At the games, Haystax ran a main operations center, a backup one in its McLean, Virginia headquarters, and its “California Common Operating Picture for Threat Awareness” system that it developed for the state’s Homeland Security initiatives. It’s also developed programs for natural disasters, like digital media monitoring and damage assessments, which saw use during this year’s hurricane season.
Social media monitoring only goes so far
The utility of social media in all of this work comes up frequently in terms of privacy protections. Twitter has cut relationships with Geofeedia and the US government this year, citing user privacy concerns, as have some other social media companies. Constellation, Ware says, “doesn’t rely media for specific insights on individuals, but can provide an overall idea of an increase or decrease in threatening sentiment on social media on social.” While social media can have its users, overall, “there is really just too much noise in social media feeds to be very useful on a micro-scale for pinpointing a threat,” especially an insider one.

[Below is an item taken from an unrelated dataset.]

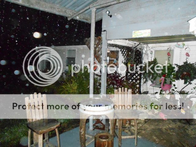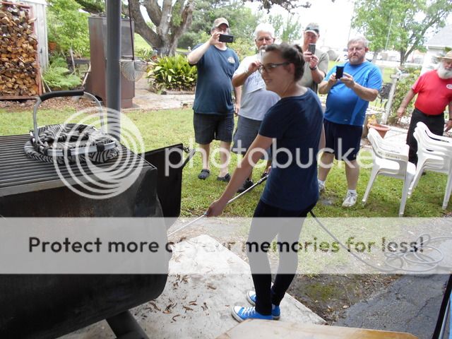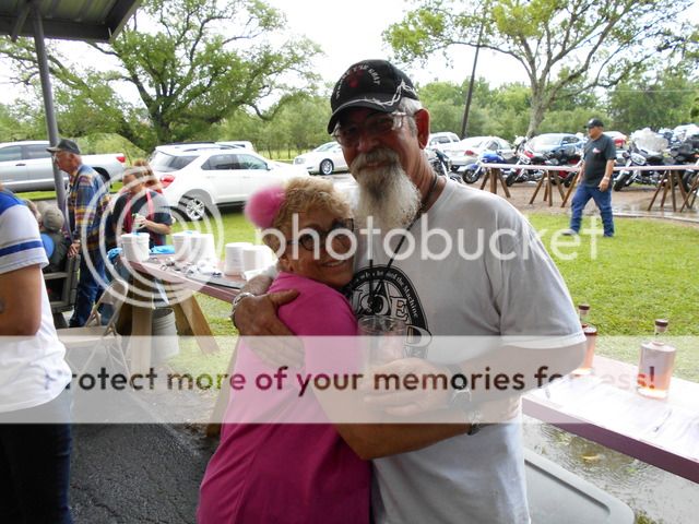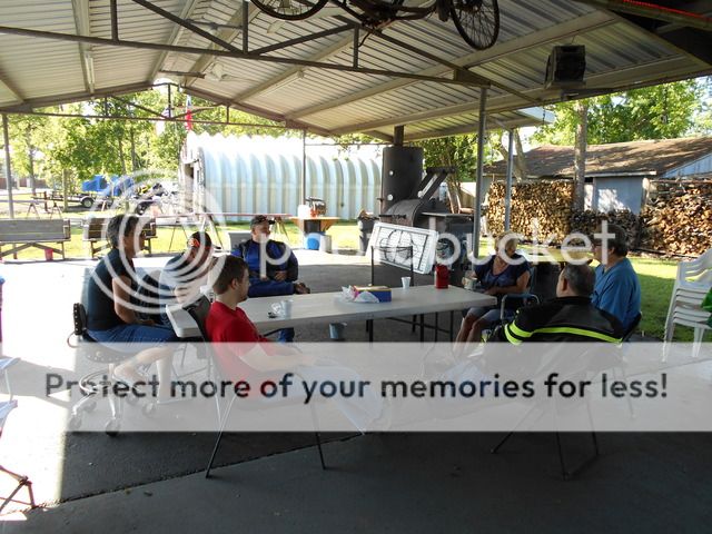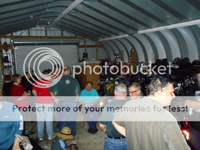 After everyone ate, the weather came in. BOY HOWDY!!!!!!! It was one heckuva gully washing frog floater. Rain was blowing sideways with 40-50 mph winds - then the hail hit and lighting was flashing everywhere - a wonderful light show of nature! It was a frog floater though. Then lightning took out the electricity. Awesome storm! I was starting to try and figure out how big a cubit was.....just in case.....it was blowing straight through the awning, so most folks took shelter in the shop. It was a very impressive storm - no doubt.

“The line between privacy and security in the social media domain is still murky at best,” he adds, and raises the same issues that Twitter and other platforms are continually debating about how to cooperate with law enforcement and intelligence agencies while assuring users some level of privacy and also taking down the worst offenders who make use of the networks “to recruit, communicate and propagate their agendas.”
Like social media, video surveillance can also be a doubled-edged sword. According to Ware, “A very high percentage of video surveillance cameras sold today are now connected to computer networks,” he says, but even though “this easy access to connected video is certainly a big help in situation awareness, it has also opened up yet another source for today’s hackers and cybercriminals” to exploit.
“This is exactly where we can see the need for a convergence of physical security and cyber security,” Ware concludes.